Ecos de saudade

Por Custódio Grenho | 17/02/2020 | Literatura

Tenho saudades; não sei se de ti, se de mim, ou se dos dois.

Sinto falta das brincadeiras de rua; do apanha, do mata, do peão, do eixo, do esconder, e de todas as outras... do riso em gargalhadas, das conversas francas, fáceis  simples puras e ingénuas, umas vezes em voz alta e outras em absoluto sigilo, por vezes até colando alternadamente os lábios de um no ouvido do outro para que nada se escapasse e pudesse ser ouvido por mais alguém além de nós.

...Do tempo em que nos sentavamos á  mesa d'um bar para tomar café e depois falávamos de nós, ás vezes durante horas a fio.

Longe vai o tempo dos risinhos sem se saber porquê, das corridas apressadas sem motivo, das conversas em segredo, dos olhares fortuitos que nos ruborizavam a face e dos acenos ao longe.
Longe vai o tempo em que nos sentavamos frente a frente para um café, ou lado a lado num banco de  jardim a conversar coisas parvas que pareciam não ter sentido, mas que faziam as nossas delícias e a nossa felicidade parecer eterna, outras vezes ficávamos apenas a ouvir o cantar dos pássaros que esvoaçavam na ramagem por cima das nossas cabeças, ou ficávamos simplesmente parados no tempo, de olhos nos olhos em silêncio, deixando apenas falar o coração enquanto o pensamento voava para longe.

Que felizes que nós éramos sem sabermos... Sem sequer darmos por isso.

Agora, passados todos estes anos penso ter descoberto o segredo para atingir essa tal felicidade plena com que todos sonhámos, e nalgum momento das nossas vidas alguns de nós também tocámos mesmo que apenas por breves instantes e sem nos darmos conta.

Por vezes julgo escutar uma voz que me diz que a fonte d'onde brotou toda essa felicidade foi a falta de intencionalidade com que vivíamos e a honestidade com que o fazíamos...

Mas talvez não seja nada disso.
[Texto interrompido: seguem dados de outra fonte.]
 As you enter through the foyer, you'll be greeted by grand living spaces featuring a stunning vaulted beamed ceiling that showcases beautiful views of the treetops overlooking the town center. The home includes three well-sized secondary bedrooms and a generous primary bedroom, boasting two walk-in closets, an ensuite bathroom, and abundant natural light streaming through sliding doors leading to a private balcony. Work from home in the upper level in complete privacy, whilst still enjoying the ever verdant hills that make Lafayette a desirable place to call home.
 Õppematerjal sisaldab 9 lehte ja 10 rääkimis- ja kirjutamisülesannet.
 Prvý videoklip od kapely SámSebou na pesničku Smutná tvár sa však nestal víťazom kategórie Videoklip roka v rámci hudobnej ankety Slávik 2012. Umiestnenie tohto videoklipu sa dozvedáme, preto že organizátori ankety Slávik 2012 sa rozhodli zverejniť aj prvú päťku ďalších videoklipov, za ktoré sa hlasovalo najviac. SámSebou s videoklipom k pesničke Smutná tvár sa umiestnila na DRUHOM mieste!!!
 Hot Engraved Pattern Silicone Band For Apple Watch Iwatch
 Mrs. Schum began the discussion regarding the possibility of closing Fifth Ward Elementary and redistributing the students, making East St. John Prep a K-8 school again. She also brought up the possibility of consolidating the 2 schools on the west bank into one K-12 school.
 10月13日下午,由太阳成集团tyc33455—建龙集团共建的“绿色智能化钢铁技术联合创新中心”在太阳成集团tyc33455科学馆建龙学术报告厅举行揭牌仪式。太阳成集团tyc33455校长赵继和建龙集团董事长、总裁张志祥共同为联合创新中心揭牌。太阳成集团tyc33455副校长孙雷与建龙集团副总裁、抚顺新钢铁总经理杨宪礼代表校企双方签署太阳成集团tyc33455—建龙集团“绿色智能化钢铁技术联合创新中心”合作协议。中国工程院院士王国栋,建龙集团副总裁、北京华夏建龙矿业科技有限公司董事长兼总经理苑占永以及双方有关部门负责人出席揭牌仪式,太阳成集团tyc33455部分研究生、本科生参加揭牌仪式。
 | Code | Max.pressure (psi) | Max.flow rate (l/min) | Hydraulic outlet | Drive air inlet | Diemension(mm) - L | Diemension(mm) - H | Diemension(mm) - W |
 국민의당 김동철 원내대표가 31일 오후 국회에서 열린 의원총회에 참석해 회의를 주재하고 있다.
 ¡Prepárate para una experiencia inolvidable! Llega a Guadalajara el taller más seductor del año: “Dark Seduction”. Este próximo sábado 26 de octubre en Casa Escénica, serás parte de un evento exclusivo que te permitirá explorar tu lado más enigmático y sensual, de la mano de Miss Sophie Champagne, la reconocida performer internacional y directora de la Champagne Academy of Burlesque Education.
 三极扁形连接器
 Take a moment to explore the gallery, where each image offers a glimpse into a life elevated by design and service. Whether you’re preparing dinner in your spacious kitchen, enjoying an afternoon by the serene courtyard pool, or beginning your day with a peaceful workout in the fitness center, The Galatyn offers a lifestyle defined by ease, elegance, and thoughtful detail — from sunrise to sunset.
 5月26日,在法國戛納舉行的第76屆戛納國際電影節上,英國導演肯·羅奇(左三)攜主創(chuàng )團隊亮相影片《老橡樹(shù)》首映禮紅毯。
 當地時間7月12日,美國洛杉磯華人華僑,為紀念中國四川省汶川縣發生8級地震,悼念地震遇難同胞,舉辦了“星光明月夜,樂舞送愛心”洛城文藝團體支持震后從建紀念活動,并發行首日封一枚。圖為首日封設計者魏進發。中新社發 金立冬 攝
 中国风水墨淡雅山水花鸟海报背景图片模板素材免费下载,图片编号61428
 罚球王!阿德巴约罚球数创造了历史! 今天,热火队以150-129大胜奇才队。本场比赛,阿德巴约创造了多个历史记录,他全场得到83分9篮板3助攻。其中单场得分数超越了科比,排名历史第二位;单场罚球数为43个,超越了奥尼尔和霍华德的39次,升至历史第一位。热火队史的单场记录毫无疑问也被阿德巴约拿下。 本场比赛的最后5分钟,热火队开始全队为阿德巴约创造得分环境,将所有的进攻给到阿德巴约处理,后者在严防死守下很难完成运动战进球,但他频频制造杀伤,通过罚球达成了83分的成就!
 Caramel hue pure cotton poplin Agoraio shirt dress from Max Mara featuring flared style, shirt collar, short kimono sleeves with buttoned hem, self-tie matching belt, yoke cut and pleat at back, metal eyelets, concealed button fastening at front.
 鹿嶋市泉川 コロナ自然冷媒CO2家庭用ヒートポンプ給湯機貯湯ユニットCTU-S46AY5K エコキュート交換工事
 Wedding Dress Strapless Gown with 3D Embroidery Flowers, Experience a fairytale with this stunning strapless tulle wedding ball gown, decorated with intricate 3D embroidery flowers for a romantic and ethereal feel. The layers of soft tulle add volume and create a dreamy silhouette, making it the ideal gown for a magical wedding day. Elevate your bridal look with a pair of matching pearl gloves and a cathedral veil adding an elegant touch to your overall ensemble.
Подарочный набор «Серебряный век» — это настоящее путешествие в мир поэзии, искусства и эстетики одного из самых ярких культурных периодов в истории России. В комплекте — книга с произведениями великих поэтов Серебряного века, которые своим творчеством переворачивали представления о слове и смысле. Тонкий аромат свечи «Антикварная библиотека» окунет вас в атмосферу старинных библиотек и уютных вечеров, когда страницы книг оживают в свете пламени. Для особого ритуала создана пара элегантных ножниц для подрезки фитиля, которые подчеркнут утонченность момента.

Talvez essa voz seja apenas fruto da minha pobre imaginação a reproduzir os ecos da saudade que em mim ficou.

Talvez tudo não passe de um embuste e seja apenas um devaneio dos sentidos, uma daquelas partidas com que a mente nos distrai o coração para que não deixe de bater. Talvez a saudade seja um antídoto para o tédio, para a solidão, para o desespero. Talvez que o elo de ligação que estabelece com o passado não seja apenas essa espécie de ponte que o une ao presente e nos permite revoltar as gavetas do subconsciente e dessa forma revisitar tudo o que nos recusamos a esquecer.

É possível que seja uma projeção do nosso querer mais profundo ou a representação de uma vontade de reter o tempo, por forma a prolongar nele o acontecimento, a sensação ou o sentimento, e dessa forma prolongar a duração do que não queremos perder. Como se se tratasse de uma ablação do tempo por forma a eternizar o objecto, a pessoa, ou o sentimento do nosso desejo e dessa forma perpétuar a sua lembrança mantendo-a para sempre.

Quando tivermos a sensação de que somos apenas ecos distorcidos de nós mesmos. 
Sombras difusas do que fomos.

Que estamos cansados, fartos e desiludidos.
Que perdemos a capacidade de nos surpreender, e que já nem conseguimos sequer suportar as nossas próprias vozes. Então sabemos que não é hora de cruzar os braços nem desistir... mas de nos reinventarmos!

De limpar os destroços que amontoámos ao longo do tempo, de apanhar os cacos do que ficou e jogar tudo fora e para bem longe, secar as lágrimas, colocar um sorriso nos lábios, levantar a cabeça e seguir em frente.